Substitute `1` for `n ` for the first term.

`A_1 = 10,000(1 + (0.035)/(4))^1`

Do what is in the parentheses first.

`A_1 = 10,000(1 + .00875)^1 = 10,000(1.00875)^1`

Then, consider the doing the exponent part.

`A_1 = 10,000(1.00875)^1 = 10,000(1.00875)`

Do the multiplication.

`A = 10,000(1.00875) = 10,080`

Substitute `2` for `n` for the second term.

`A_2 = 10,000(1 + (0.035)/(4))^2`

Do what is in the parentheses first.

`A_2 = 10,000(1 + .00875)^2 = 10,000(1.00875)^2`

Then, consider the doing the exponent part.

`A_2 = 10,000(1.00875)^2 = 10,000(1.017576563)`

Do the multiplication.

`A_2 = 10,000(1.017576563) = 10,175.77.`

Substitute `3` for `n` for the third term.

`A_3 = 10,000(1 + (0.035)/(4))^3`

Do what is in the parentheses first.

`A_3 = 10,000(1 + .00875)^3 = 10,000(1.00875)^3`

Then, consider the doing the exponent part.

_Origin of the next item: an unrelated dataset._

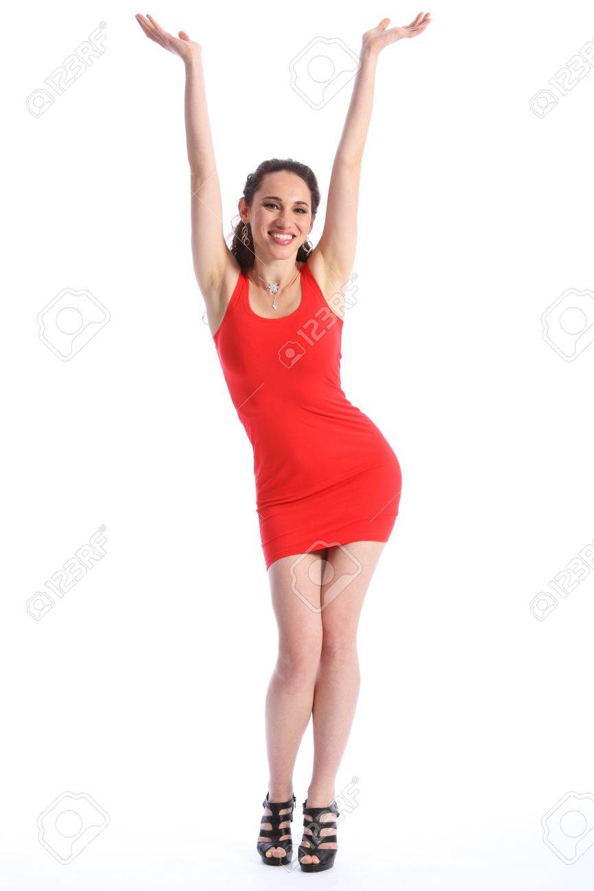 Celebrer Le Succes Avec Les Mains En L Air Pour La Belle Mannequin Femme Sexy Vetue De Noir Chaussures A Talons Hauts Et Une Robe Courte Rouge Sur Toute La Longueur Tire Contre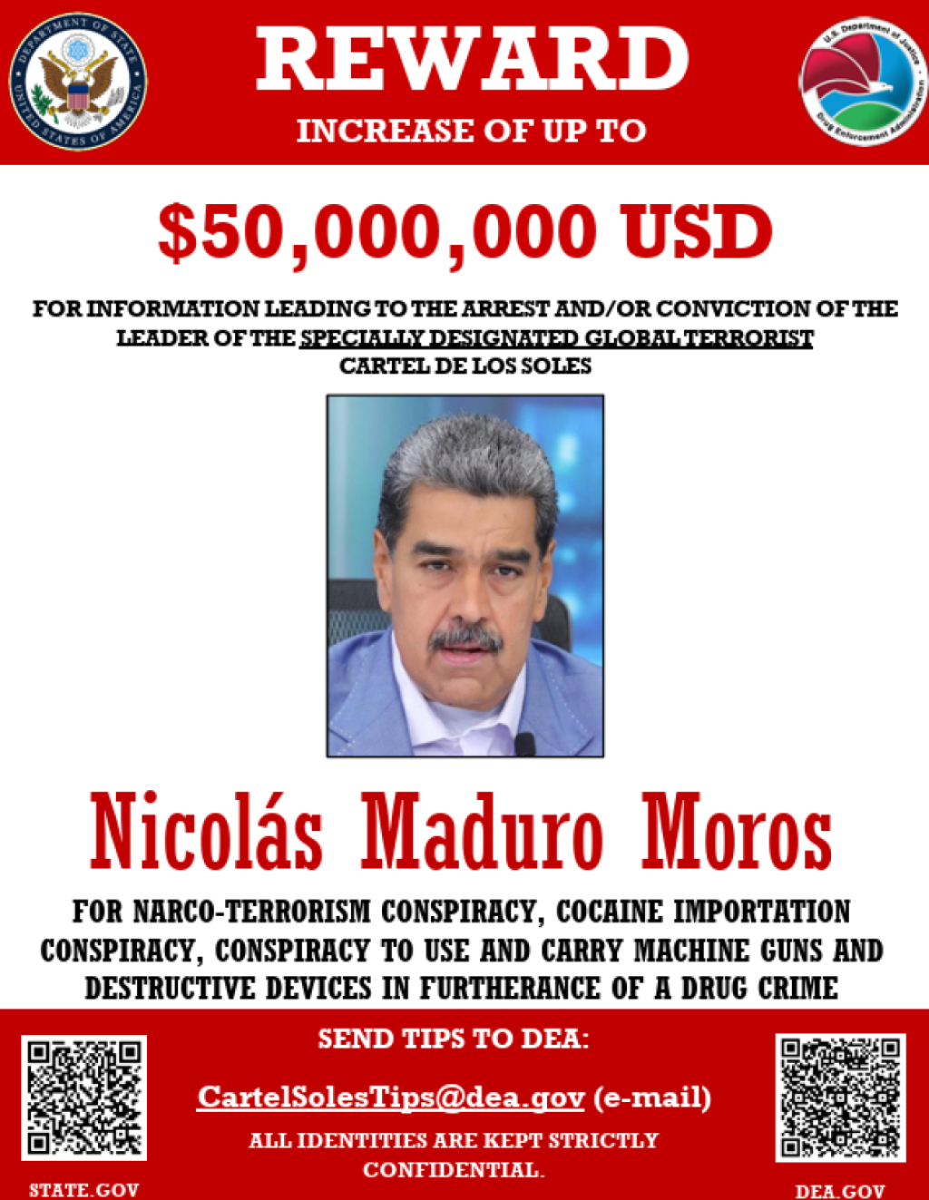 Međutim, plakat sa nagradom ne pominje političku karijeru Nikolasa Madura. Ne opisuje ga kao diktatora koji je organizovao prevaru na prošlogodišnjim predsedničkim izborima u Venecueli, kako Vašington veruje. Bela kuća ga je označila kao vođu kartela Sunca i traži ga zbog narkoterorizma, uvoza kokaina i učešća u zaveri radi krijumčarenja narkotika i oružja.

`A_3 = 10,000(1.00875)^3 = 10,000(1.026480357)`

Do the multiplication.

`A = 10,000(1.026480357) = 10,264.80.`

Therefore, the first `3` terms are `$10,080` `, $10,175.77` and `$10,264.80` .

b.) We plug-in `n = 40` .

`A_40 = 10,000(1 + (0.035)/(4))^40`

`= 10,000(1 + .00875)^40 `

`= 10,000(1.00875)^40 `

`= 10,000(1.416908838)`

`A_40 = 14,169.09.`

Therefore, the balance in the account after `10` years is `$14,169.09` .

c.) The balance after` 20` years will not be twice the balance after `10` years,

because the interest rate is just `3.5%` and it is compounded quarterly.

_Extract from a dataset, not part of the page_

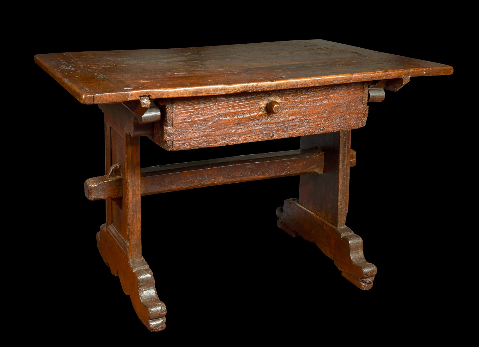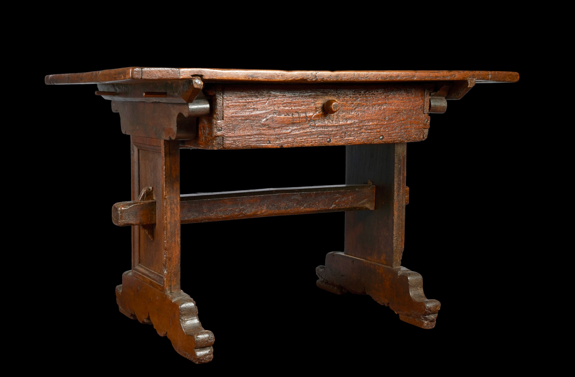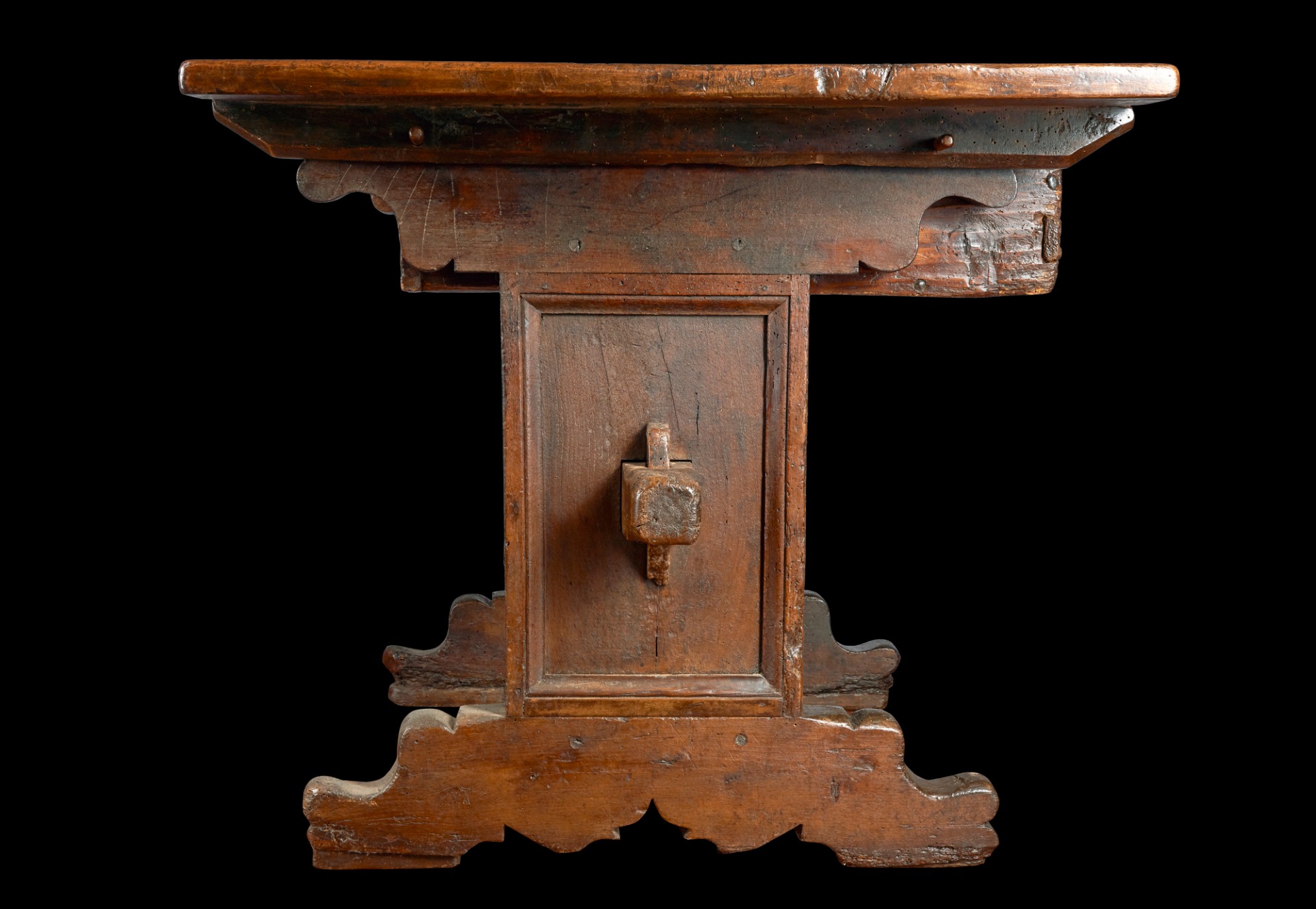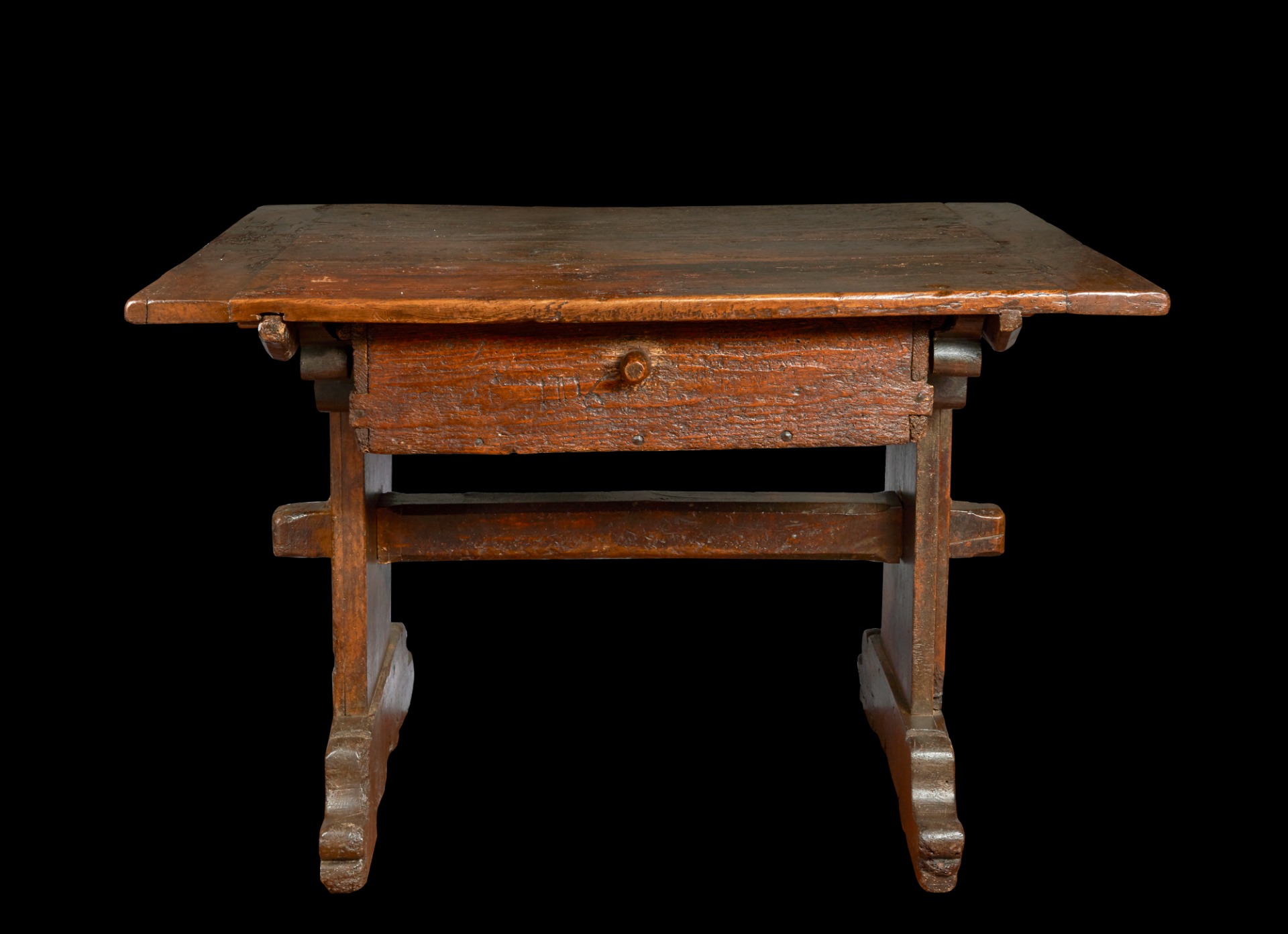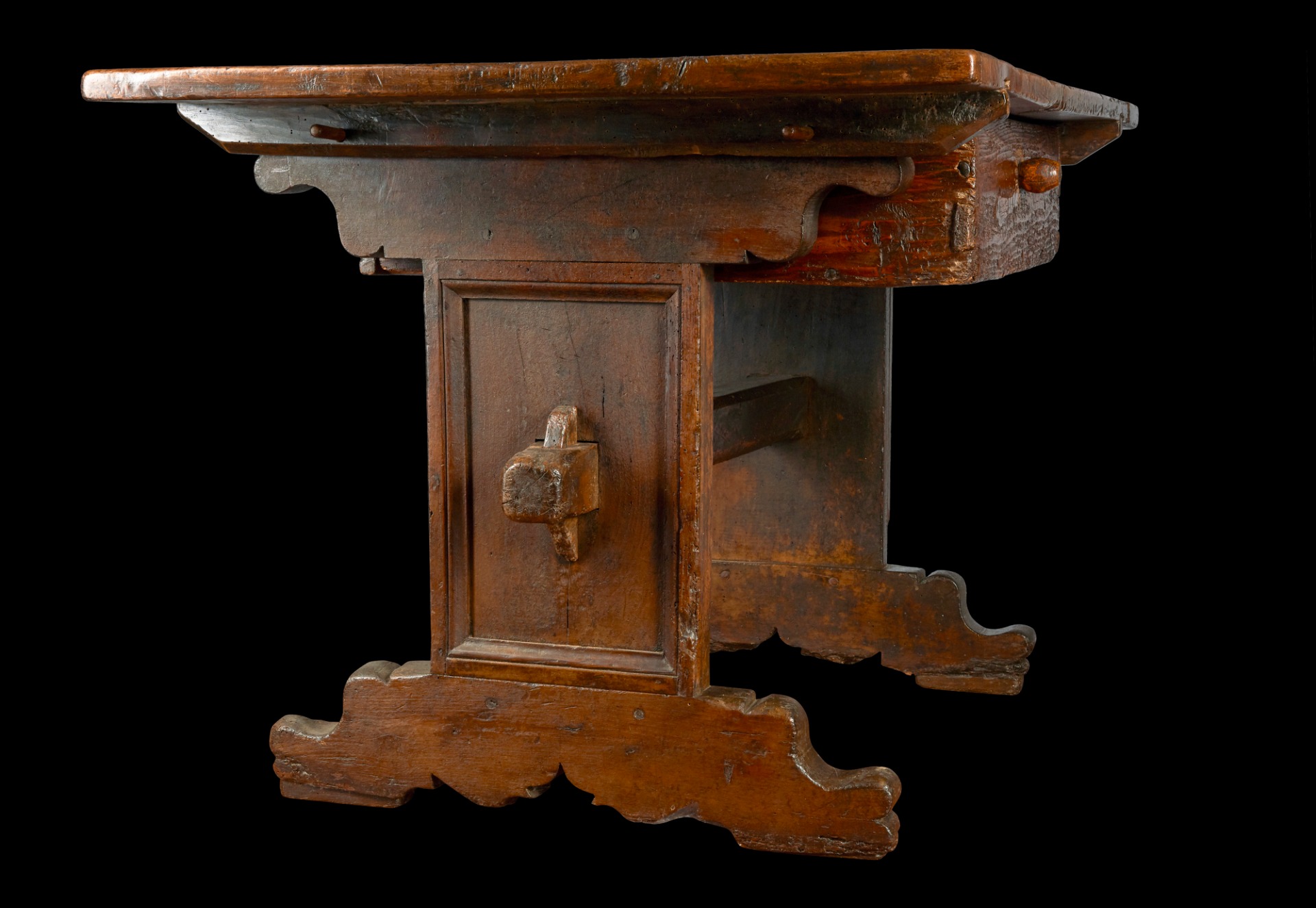Da notare l’eleganza nella modanatura delle mensole, e il grande cassetto con l’incastro chiodato sul fronte che scorre per tutta la lunghezza del tavolo e che, spinto da un lato, dà la possibilità al desco di essere usato come scrittoio.

We can try finding the account balance after `20` years, we will plug-in `80` to the` n` ,

since `20 * 4 = 80` , we multiply by` 4` since it is compounded quarterly.

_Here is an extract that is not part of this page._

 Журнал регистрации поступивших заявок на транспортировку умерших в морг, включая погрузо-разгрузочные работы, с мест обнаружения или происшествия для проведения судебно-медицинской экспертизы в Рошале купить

`A_80 = 10,000(1 + (0.035)/(4))^80`

`= 10,000(1 + .00875)^80 `

`= 10,000(1.00875)^80 `

`= 10,000(2.007630655)`

`A_80 = 20076.31`

The account balance after `10` years is `$14,169.09` . If that is doubled it should be,

`28338.18` . However, we only got `$20,076.31` for the account balance after `20` years.